On arrive rarement directement à ce poste : le parcours classique commence comme logisticien de terrain ou responsable d'un domaine (approvisionnement, parc auto, entrepôt), avant d'accéder à la coordination logistique au niveau d'un pays. Ensuite, plusieurs pistes s'ouvrent : chef de mission (responsabilité de tout le programme d'un pays), référent logistique au siège d'une ONG, spécialiste supply chain dans une agence des Nations unies (PAM, UNICEF, HCR) ou consultant/formateur en logistique humanitaire.
Beaucoup de professionnels choisissent aussi, après quelques années de terrain, de se reconvertir dans la logistique classique : supply chain manager en entreprise, responsable d'entrepôt, achats internationaux. Les compétences acquises en gestion de crise et en débrouillardise y sont très recherchées.
Les besoins humanitaires n'ont jamais été aussi élevés (conflits, crises climatiques, déplacements de population), mais le secteur traverse en 2025-2026 une crise de financement sans précédent : selon Coordination SUD, environ 4 900 emplois ont été supprimés dans le secteur humanitaire en France, après une contraction des financements publics estimée à plus de 580 millions d'euros.

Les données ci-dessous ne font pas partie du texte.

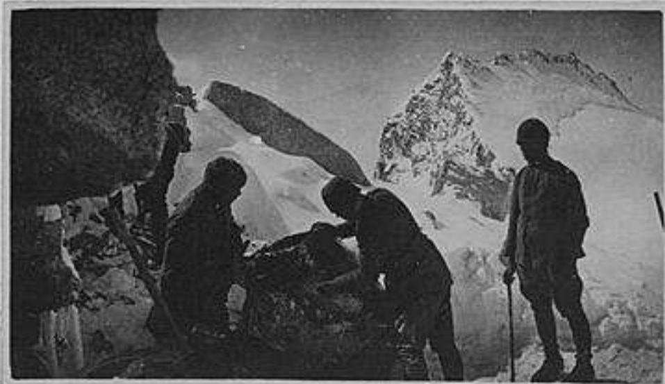
Durante i lavori della 4 a batteria a Cresta Croce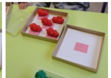
Les erreurs donnent l'occasion de découvrir des décompositions : « 6 c'est 5 et encore 1 » et « 5 c'est 1 de moins que 6 » ;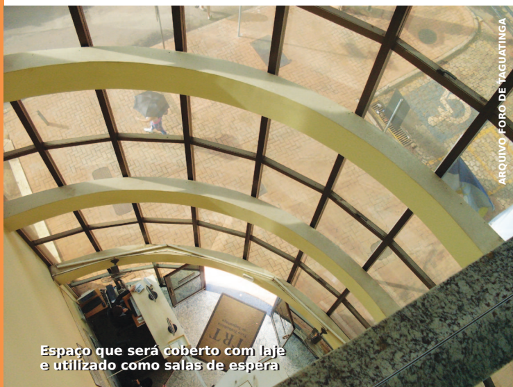
Espaço que será coberto com laje e utilizado como salas de espera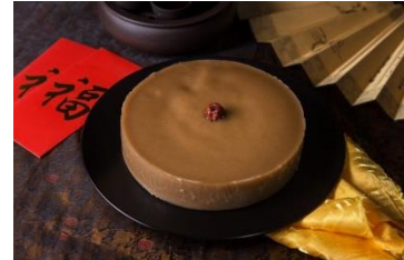
Figuur 6 Niangao (Azjo, 2007)

Na het uitgebreide familiediner delen de ouders rode enveloppen met geld uit aan de kinderen. Met het 'geluksgeld' wat de kinderen ontvangen, wensen de ouders hun kinderen geluk, gezondheid, groei en een goede studie. De rode kleur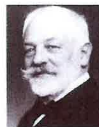
gróf Széchenyi Emil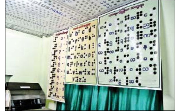
မျက်မမြင်များအသုံးပြုနိုင်ရန်အတွက် မျက်မမြင်စာပုံနှိပ်စက်ဖြင့် မျက်မမြင်ဖတ်စာအုပ် ပုံနှိပ်နေသည်ကို တွေ့ရစဉ်။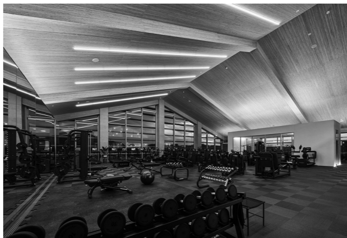
フィットネスクラブ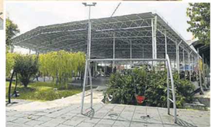
获提升的篮球场，之后会成为当地的活动中心。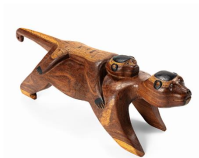
Macaco Waujá. Turuza Waurá, madeira, 26 x 23 x 78 cm

Plusieurs agences onusiennes ont réduit leurs effectifs de 30 % ou plus. Résultat : les recrutements se sont resserrés et la concurrence est rude, surtout pour les premiers postes. Bonne nouvelle malgré tout : la logistique reste l'une des fonctions les plus recherchées des ONG, parce qu'elle est indispensable à toute opération et qu'elle manque chroniquement de profils qualifiés. Bioforce annonce un taux d'insertion élevé après formation (plus de 80 % dans les six mois). La clé pour entrer : une vraie compétence technique ou logistique, l'anglais, et une première expérience de terrain (service civique, VSI, stage long). Beaucoup de professionnels alternent d'ailleurs missions humanitaires et postes en logistique d'entreprise au fil de leur carrière.